Theoretical physicists reveal sharp entanglement variations at a phase transition in correlated quantum matter

Quantum information tools can provide a deeper understanding of phase transitions in interacting quantum systems. This is because they can pinpoint the role of purely quantum non-local correlations - entanglement - at these transitions.

In an article published on 5 November in PRX Quantum, a team of theoretical physicists at Royal Holloway and at the University of Sherbrooke in Canada have uncovered the role of entanglement associated with a central phase transition in quantum matter, where electrons change from being localised due to electron-electron repulsion to being delocalised.
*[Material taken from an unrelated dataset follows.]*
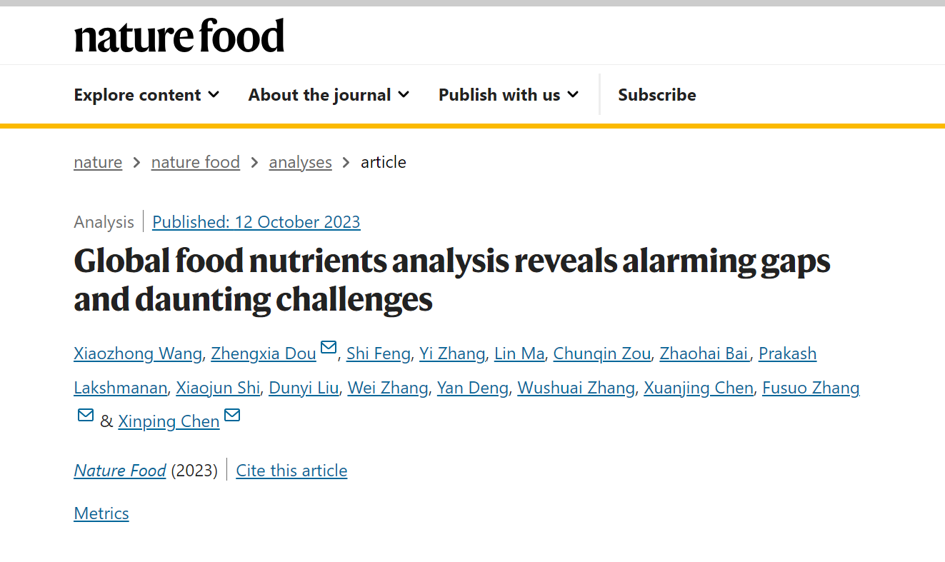 10月12日,学校资源环境学院、长江经济带农业绿色发展研究中心在Nature子刊Nature Food上发表研究论文《Global food nutrients analysis reveals alarming gaps and daunting challenges》。资源环境学院、taptap点点官方网站长江经济带农业绿色发展研究中心王孝忠副教授、美国宾夕法尼亚大学窦正霞教授为共同第一作者,美国宾夕法尼亚大学窦正霞教授、taptap点点官方网站长江经济带农业绿色发展研究中心张福锁院士和学校资源环境学院陈新平教授为共同通讯作者。

Royal Holloway PhD student Caitlin Walsh, the first author of the article, concludes: “our work shows that this transition is imprinted in the entanglement properties. This transition can be emulated with ultracold atom experiments, one of the few experimental platforms where entanglement has been recently measured. Our work provides a coherent theoretical description behind experimental observations and new predictions.”

The research was led by Dr. Giovanni Sordi, senior lecturer at Royal Holloway, and Professor André-Marie Tremblay at the University of Sherbrooke. The team found that key measures of entanglement, some of which were suggested by the late Professor and Quantum Information expert David Poulin, detect the consequences of this transition through surprising entanglement variations from the low temperature quantum regime up to high temperatures. This reveals a rich interplay of quantum and classical correlations.

Their research considers the simplest mathematical description of interacting electrons on a lattice in two dimensions, where electrons quantum tunnel between atoms and repel each other while on the same atom. The statement of the model is simple, but its full theoretical solutions remain elusive to researchers. Numerical simulations with a state-of-the-art program written by Dr. Patrick Sémon, show that the model has an intriguing transition upon varying the electron density on the lattice.

The results of their work indicate that sharp variations of entanglement properties -and not ordered phases- could in fact be the key to understanding the hidden transformation from the so-called pseudogap to metal in high-temperature cuprate superconductors.

Article: C. Walsh, P. Sémon, D. Poulin, G. Sordi, A.-M. S. Tremblay, Entanglement and Classical Correlations at the Doping-Driven Mott Transition in the Two-Dimensional Hubbard Model, PRX Quantum, 1, 020310 (2020).